Ouspensky next made brief and adventitious contact with Gurdjieff and Mme Ouspensky at the funeral of Mme Ostrowska, who died from cancer at Fontainebleau on 26 June 1926. In England Ouspensky had drawn close to his pupils Dr and Mrs Nicoll and from 1927 on spent every other week-end in the tranquillity of Alley Cottage, the Doctor’s retreat at Sidlesham. By contrast, in March 1928, his other senior pupil J. G. Bennett was in Athens jail. Police seizure and misinterpretation of Bennett’s private correspondence resulted in Ouspensky – an ardent anti-Bolshevik – being summoned to the Home Office to answer a farcical imputation of Bolshevik sympathies. So aggrieved was Ouspensky that he forcefully instructed his pupils to sever all relations with Bennett (as earlier with Gurdjieff). In summer 1928, Gurdjieff’s calmer disengagement from his principal helpers in France stimulated Mme Ouspensky to come to England for the first of successive summer visits. Henceforward, though the Ouspenskys’ personal relationship remained platonic even fractious, they shared their teaching role in England and America: he tirelessly retelling Gurdjieff’s ideas, she attempting to create, in successive country houses, Prieuré-like conditions for practical work. By 1929 Ouspensky was more than ever committed to his long-held personal theory of ‘Eternal Recurrence’: the strong sense that in every particular he was reliving his life – underpinned by the hypothesis that his death, whensoever, would merely return him yet again to his birth in Moscow on 5 March 1878.

 

Early in 1930 Ouspensky was disconcerted to receive the transactions of a small London group independently constituted by Bennett without prior permission; then in early summer A. R. Orage also problematically re-appeared in England, having effectively separated from Gurdjieff. By October 1930 Ouspensky had become concerned to entrench his own position, even at the cost of some popularisation: at Warwick Gardens he began public lectures on ‘The Search for Objective Consciousness’, précising Gurdjieff’s psychological ideas, without acknowledgement, as his (Ouspensky’s) ‘System’. To these lectures he invited Bennett and his small group thus effecting a brief reconciliation.

 

In mid 1931 Ouspensky saw Gurdjieff for the last time, at the Cafe Henri IV at Fontainebleau, intimating that since Gurdjieff’s work had not succeeded in attracting the attention of ‘Higher Source’ he himself was now attempting to. A final rupture resulted, which on Ouspensky’s side was embittered. On returning to England, Ouspensky made (through Rosamund Sharp) an unsuccessful attempt to recapture the interest of Orage. His disappointment here was offset by the publication of A New Model of the Universe which complemented his lectures in attracting many new pupils. In this climate of expansion Ouspensky tasked Dr Nicoll, on 9 September 1931, to go away and teach Gurdjieff’s ideas independently (the only such explicit mandate Ouspensky ever gave); a little later in the year ‘The Dell’, at Sevenoaks, was taken for the work of Mme Ouspensky, at last permanently settled in England.

 

Confused echoes of New Model and even of the Warwick Gardens lectures were beginning to be heard from literary sources, and in July 1932 Ouspensky was nettled to find himself caricatured as ‘Professor August Moe’ in The Gap in the Curtain by John Buchan.
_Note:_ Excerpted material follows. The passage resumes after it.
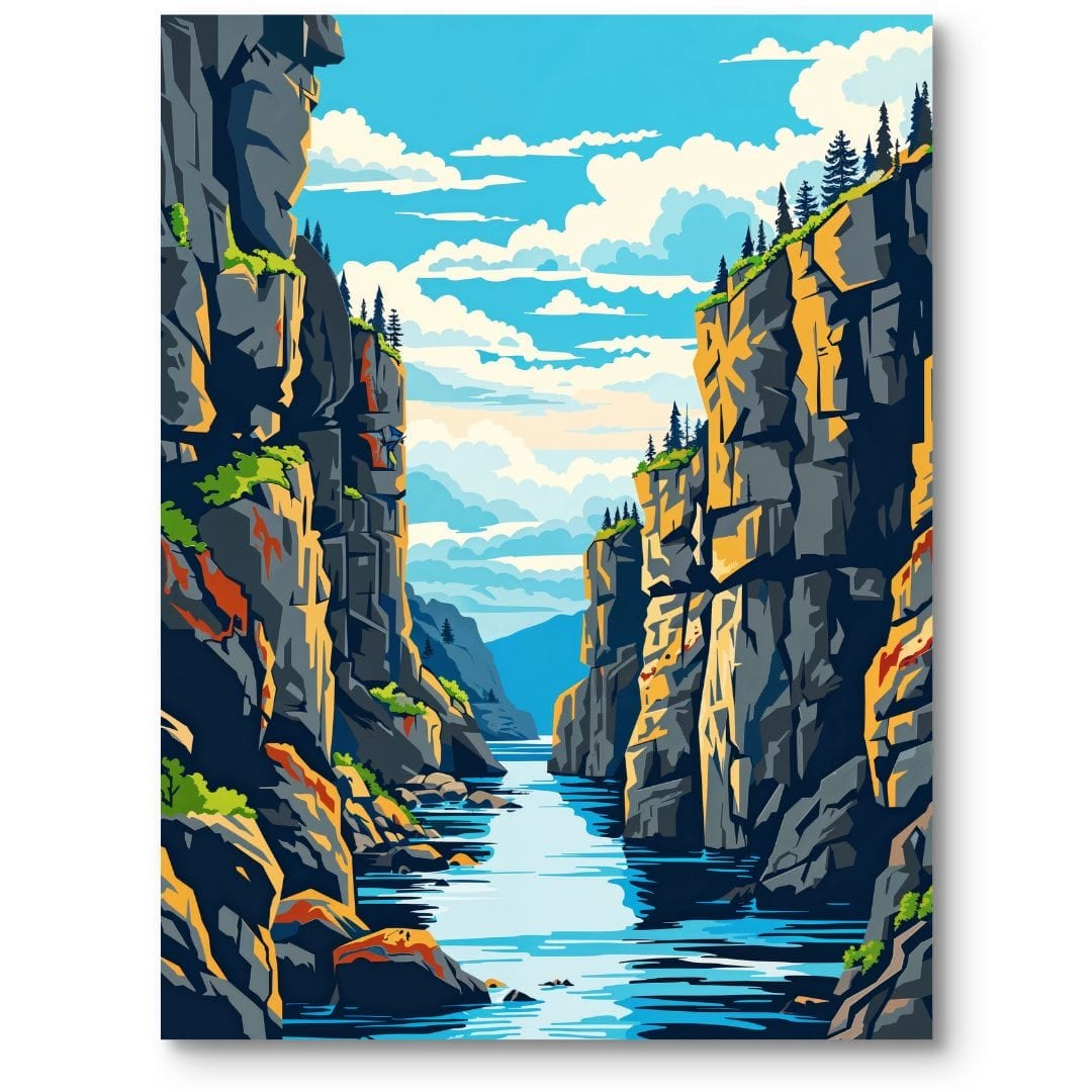 Kaniony i dziewicza natura od lat fascynują artystów – od akwarelistów po twórców cyfrowych. Ten plakat nawiązuje do obrazów wielkich pejzażystów, takich jak Albert Bierstadt czy Thomas Moran, którzy w XIX wieku zasłynęli wspaniałymi wizjami amerykańskich dolin i przełomów rzek. Współczesne techniki cyfrowe pozwalają artystom wydobyć każdy detal i oddać całe bogactwo kolorów przyrody, przenosząc magię natury wprost na ścianę Twojego domu.

Nevertheless this widening interest drew more members to the study groups, and ‘The Dell’ was relinquished as inadequate in the second week of September, when the Ouspenskys were lent ‘Little Gaddesden’, a large Victorian mansion in seven acres of land near Hayes in Kent.

 

On 26 August 1933, Gurdjieff published his first book Herald of Coming Good, its extravagant and provocative tone suggesting to Ouspensky that its author had gone mad. Copies sent to Ouspensky’s pupils, by C. S. Nott and Elizabeth Gordon, were called in and destroyed. (Here Ouspensky happily anticipated the wishes of Gurdjieff himself, who quickly withdrew and suppressed his apprentice work.)

 

By 1934 the contradictions between Ouspensky’s inner and outer life were more troublesome. Outwardly all seemed well: J. G. Bennett had returned to the fold while A. R. Orage, who had declined to, died suddenly on 5 November; a second edition of New Model swelled the stream of new enquirers and for these Ouspensky refined from his earlier lectures six lucid introductory readings, subsequently published as The Psychology of Man’s Possible Evolution. To deliver these, he enlisted from his pupils distinguished proxies like Dr Francis Roles (his personal physician), Robert John Grote Mayor (a member of the Cambridge ‘Apostles’), and a latecomer to his circle Henry John Sinclair, Lord Pentland (a former President of the Cambridge Union Society). In private by contrast Ouspensky was melancholic and had begun to drink: despondent at not contacting Higher Source; tormented by the personal implications of Eternal Recurrence; and consumed by nostalgia for St Petersburg. In spring 1935 this nostalgia was reinforced by a brief and poignant visit to Little Gaddesden from Olga and Thomas de Hartmann (whose Second Piano Sonata is dedicated to Ouspensky’s idea of the Fourth Dimension).

 

In 1935 recruitment was further stimulated by the journalist Rom Landau’s best-seller God Is My Adventure with its substantial, explicit, and highly favourable reference to Ouspensky and ‘his System’. By mid-summer even the facilities at Little Gaddesden had become quite inadequate. Therefore, with funds from well-to-do pupils, Ouspensky bought his most famous seat Lyne Place at Virginia Water twenty-three miles south-west of London – an imposing Regency house in nearly 100 acres of farm land. Three months later both Ouspenskys moved in (though retaining both 55a Gwendwr Road and 38 Warwick Gardens for use in London). The residential core at Lyne was Russian – the Ouspenskys, the Savitskys, Mme Kadloubovsky, and a handful of St Petersburg pensioners: a few senior English pupils were co-opted for periods to manage the household and grounds; and hundreds came every week-end to work.

 

The acquisition of Lyne set the seal on Ouspensky’s sense of independence from Gurdjieff (who contrastingly had been obliged to sell the Prieuré in 1933): for example though Ouspensky accepted from C. S. Nott a typescript copy of G.’s seminal work Beelzebub’s Tales to His Grandson he refused to read it; then in November he rebuffed the lesbian editor Jane Heap, who had modestly applied to enter his groups (after herself teaching in France for eight years with Gurdjieff’s consent). While rejecting these concrete possibilities, Ouspensky consoled himself with lingering hopes of contacting Higher Source.

 

Rom Landau’s essay had been that of a gifted dilettante, but in October 1936 there appeared the first relevant (though guarded) book by one of Ouspensky’s senior pupils: this was Kenneth Walker’s autobiography The Intruder, built around coded Work ideas, especially that of multiple selves. Among Ouspensky’s steady stream of recruits in 1936, three would later acquire significance: Rodney Collin-Smith, his sponsor Robert S. de Ropp, and the young Marie Seton who was bilingual in English and Russian. Meanwhile however, Ouspensky had begun to distance himself from J. G. Bennett, distrusting his self-will and extravagant claims.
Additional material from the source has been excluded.